- **TO DO**:
When the line containing "Elephant Love barnkammareaffisch" is found in the data below, give it again along with every later line, exactly; drop the pictures.

- **GIVEN MATERIAL**:
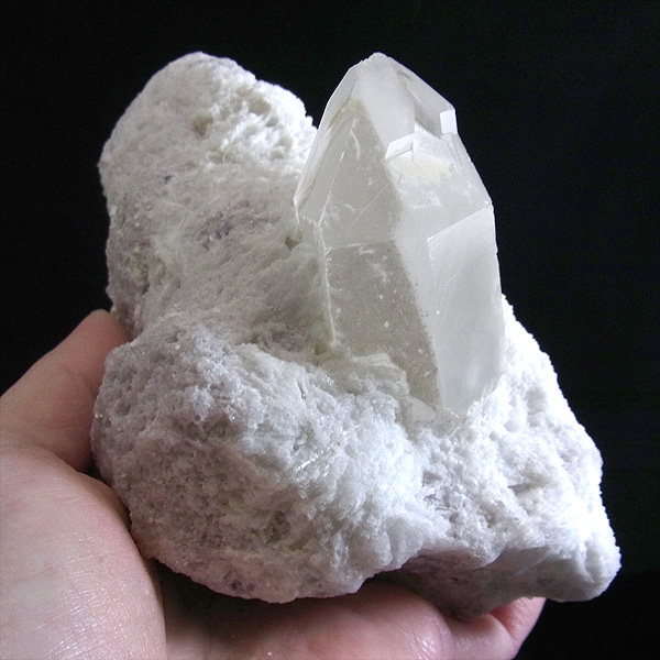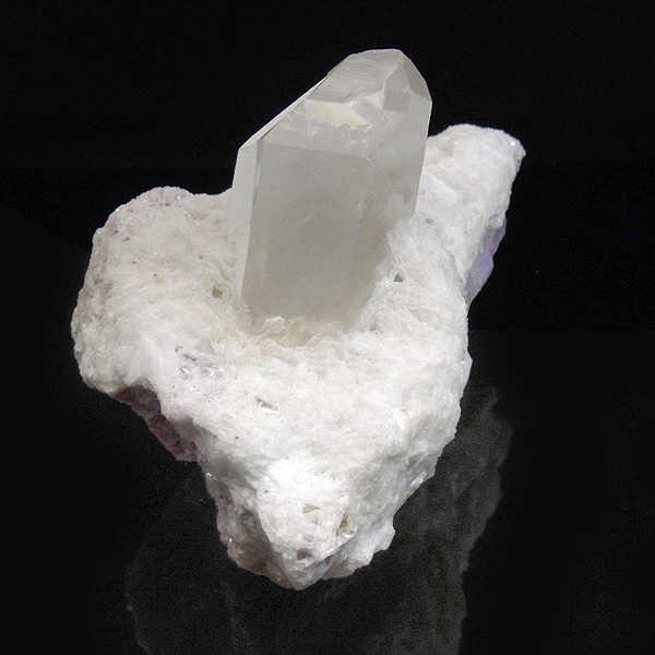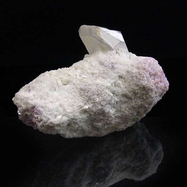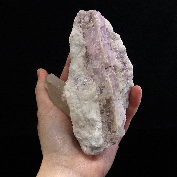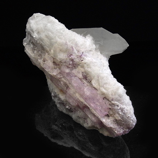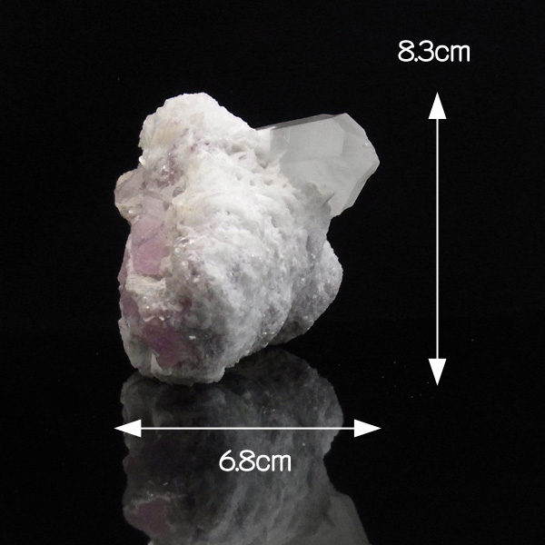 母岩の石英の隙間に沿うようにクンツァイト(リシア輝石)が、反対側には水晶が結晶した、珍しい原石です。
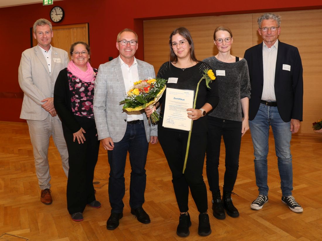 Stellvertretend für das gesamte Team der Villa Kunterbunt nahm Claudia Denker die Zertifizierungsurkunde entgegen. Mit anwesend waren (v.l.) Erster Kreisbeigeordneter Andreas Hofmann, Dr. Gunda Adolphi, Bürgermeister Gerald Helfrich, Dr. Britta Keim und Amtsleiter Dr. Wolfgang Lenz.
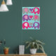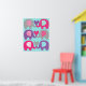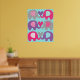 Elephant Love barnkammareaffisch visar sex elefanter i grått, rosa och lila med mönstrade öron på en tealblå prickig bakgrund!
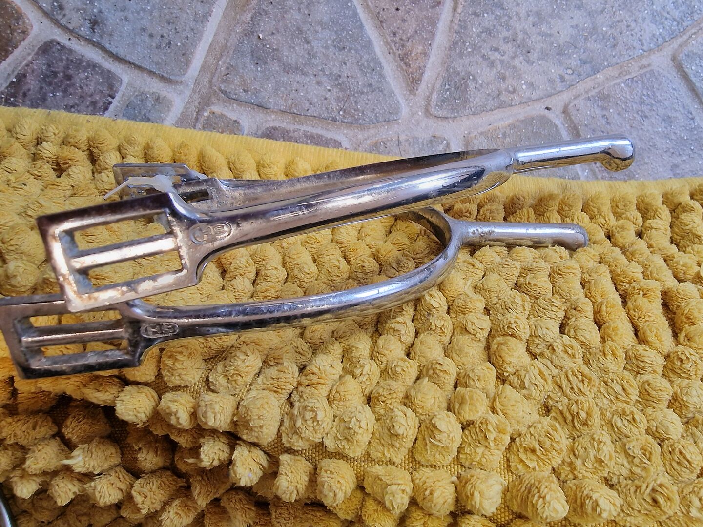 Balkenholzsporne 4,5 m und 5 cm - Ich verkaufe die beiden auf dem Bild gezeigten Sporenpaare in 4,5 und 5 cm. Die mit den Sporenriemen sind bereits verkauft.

- **EXPECTED ANSWER**:
 Elephant Love barnkammareaffisch visar sex elefanter i grått, rosa och lila med mönstrade öron på en tealblå prickig bakgrund!
 Balkenholzsporne 4,5 m und 5 cm - Ich verkaufe die beiden auf dem Bild gezeigten Sporenpaare in 4,5 und 5 cm. Die mit den Sporenriemen sind bereits verkauft.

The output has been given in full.